For a couple of weeks we had told our Romanian friends, acquaintances, students, and my barber, about our plan to take the slow trains to Cluj and then on to Suceava, to see the painted churches of Bucovina and to do a little hiking in the Rarau Mountains in northeast Romania. Each person gave us some version of my barber’s reaction.

On Monday, train 1832 was scheduled to depart from Cluj-Napoca at 9:34 am. It included five cars of passengers. Car number four, our car, was about a quarter full, around 15 people. Our tickets said we had seats 31 & 33 but these were taken by a young woman and her son. Neither worse masks. Most passengers had masks, some, like mine, draped below their noses. We’ve gotten lazy. With rapidly-improving-spoken Romanian, Rebecca asked another passenger about our ticketed seats. He said we could sit wherever we wanted, “no problem.”

We felt the forward lurch at a Swiss-like 9:34 am.

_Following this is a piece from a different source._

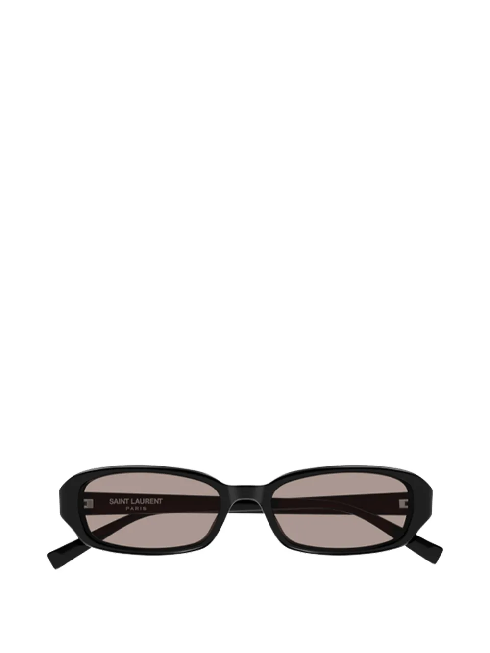 black rectangle frame tinted lenses logo lettering at the arms nose pads straight arms curved tips These glasses come with a protective case.

Suceava (Soo cha v’ah) is 322 train-track kilometers (200 miles) from Cluj Napoca. Train 1832 was scheduled to stop at 19 villages along the way. Most of the stops were for 1 or 2 minutes, enough time for a few passengers to get on and off. At every stop I noticed one thing. As the train departed, a local train official, in a blue suit, would stand erect outside the door of the small station building holding a small pole with a circle end piece, green on one side and red on the other. We saw mostly men but Rebecca pointed to one woman, with a uniform of black tights and a black skirt. Most wielding this pole were young. Rebecca suggested that “maybe this was a good, stable job in the village.”

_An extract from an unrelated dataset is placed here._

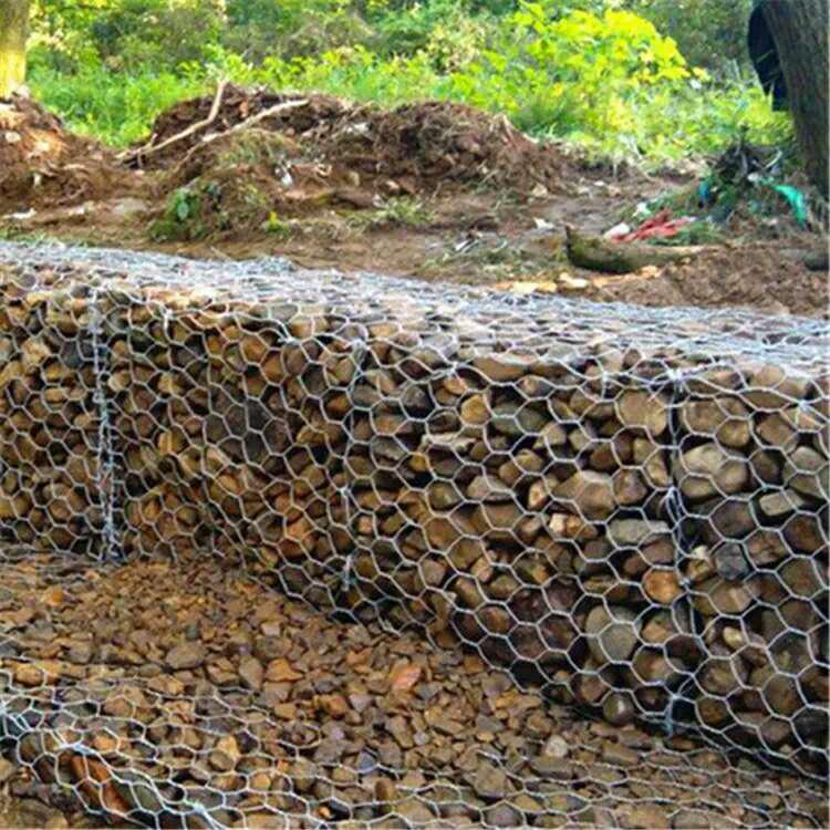 格賓網(wǎng)也稱重型六角網(wǎng)、擰花網(wǎng)、石籠網(wǎng)、三絞節(jié)機(jī)編網(wǎng)、雙絞格網(wǎng)是金屬線材編織的角形網(wǎng)(六角網(wǎng))制成的網(wǎng)箱,使用的金屬線徑是根據(jù)六角形的大小而不同.如果是金屬鍍層的金屬線六角形,則使用線徑為2.0mm到4.0mm的金屬線,如果是PVC包覆的金屬線編織的六角網(wǎng),則使用外徑為3.0mm到4.5mm的PVC(金屬)線.外框邊緣的線則使用比六角網(wǎng)線粗一號(hào)的線。格賓網(wǎng)是由經(jīng)表面防蝕處理的低碳鋼絲用機(jī)械編織的雙鉸六角形柔性金屬網(wǎng)經(jīng)剪裁,編邊和組合后制成的各種規(guī)格的網(wǎng)籠。

About an hour into our Cluj to Suceava trip we noticed the conductor coming down the aisle toward us talking to a couple of passengers. It turns out car #4 had lost its heating and he was trying to find a passenger who could tell us this and that we could change cars if we wanted. Our car would be replaced in Suceava so if we wanted we could stay. All of this was done with no drama with two passengers explaining the situation to us.

About an hour from Suceava, a middle-aged scruffy looking man gently pulled my aisle seat tray down and placed a worn, typed note on it. Rebecca quickly translated it to say “I am deaf and dumb and could use the help of one lei or 10 lei. Thank you for your kindness.” Lei or Ron is the Romanian currency and is roughly a quarter of an American dollar. So he was asking for 25 cents or $2.50. I watched him walk up the aisle and sit down. I also noticed the conductor followed a few minutes later. We have seen this scene many times in Romania. In a restaurant or in this case a train car, apparently with the tolerance of officials, people who need are allowed to ask or to sell something.

My notes tell me that it was somewhere around the village of Frasin, about 50 kilometers from Suceava, that I had this insight. Romanian trains, even the fast ones, are slow because many Romanians still live in these little villages we passed through from Cluj to Suceava. Many of these places, like many of the small towns in Iowa, where we live, are dying. They are the left behind in our increasingly calloused world.

Slow trains are a humane way to minister to this phenomenon.

1832 pulled into Suceava at 4:28 pm. Five minutes late.